I would have assumed that, if a weight storage is present, variances and the w2method are set for the histplot call to produce errors based on sqrt(variances). At least that's my (obviously biased and subjective) expectation.

Right now, histplot (or rather the default w2method resolution within Plottable) falls back to poisson even if variances are given. Perhaps it's not too much about what the default behavior in mplhep should be, but rather what information is forwarded from a histogram.


Some background on where we saw an issue: we tried plotting a simple histogram with bin values around 0.1 and variances around 0.0001 and then found

Image

where two of the last three bins show exceedingly high y-errors. For some reason (maybe because the bin values are almost - but not exactly - zero there), those bins (the others maybe as well?) fallback to the (asym.) poisson treatment with an uncertainty of e.g. ~1.8 on a value of 0, which does not match the variance values in these bins.

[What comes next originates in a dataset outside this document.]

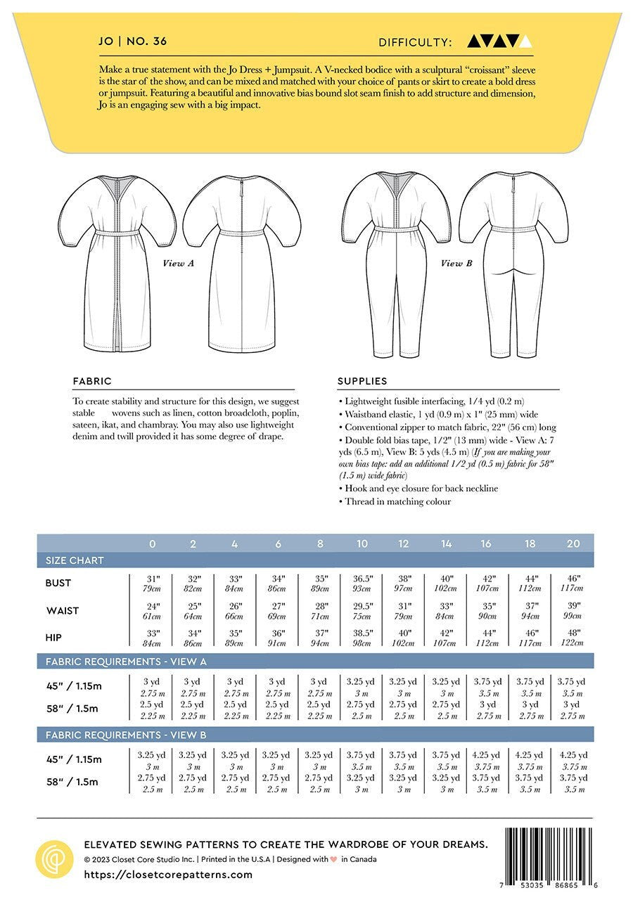 Make a true statement with the Jo Dress + Jumpsuit. A V-necked bodice with a sculptural “croissant” sleeve is the star of the show and can be mixed and matched with your choice of pants or skirt to create a bold dress or jumpsuit. Featuring a beautiful and innovative bias-bound slot seam finish to add structure and dimension, Jo is an engaging sew with a big impact. The bodice for both views features a rounded, cut-on sleeve — choose between the large sleeve with an exaggerated rounded shape, or the small sleeve with a less dramatic silhouette. The bodice is shaped with darts in the front and a comfortable elastic waist in the back, and the neckline and outer sleeve seams are finished with our unique slot seam finish. Both views are finished with a traditional zipper and fabric zipper pull to make it easy to get on and off. View A is a dress with a midi-length straight-cut skirt, front darts, a bias-bound center slit, and curved front pockets. View B is a jumpsuit with a tapered leg, front darts, and curved front pockets.

riga avatar Mar 19 '25 11:03 riga

Gotcha thanks for the clarification. This helps. So the easy issue I see are:

  • not setting rtol in https://github.com/scikit-hep/mplhep/blob/main/src/mplhep/utils.py#L469
  • using sqrt(w) as opposed to sqrt(w2), simple bugfix

The less obvious to me are:

  • yerr behaviour for 0/isclose(0) values, plot or not? We could also plot if "within" a distribution eg [1,0,2] and not if at edges eg [1,3,4,0,0,0] but that feels a bit too much magic
  • What is the correct default for non-integer histograms? Is it actually sqrt(w2)?

Btw I haven't checked, but I assume hist_obj.plot1d() would take w2method correctly.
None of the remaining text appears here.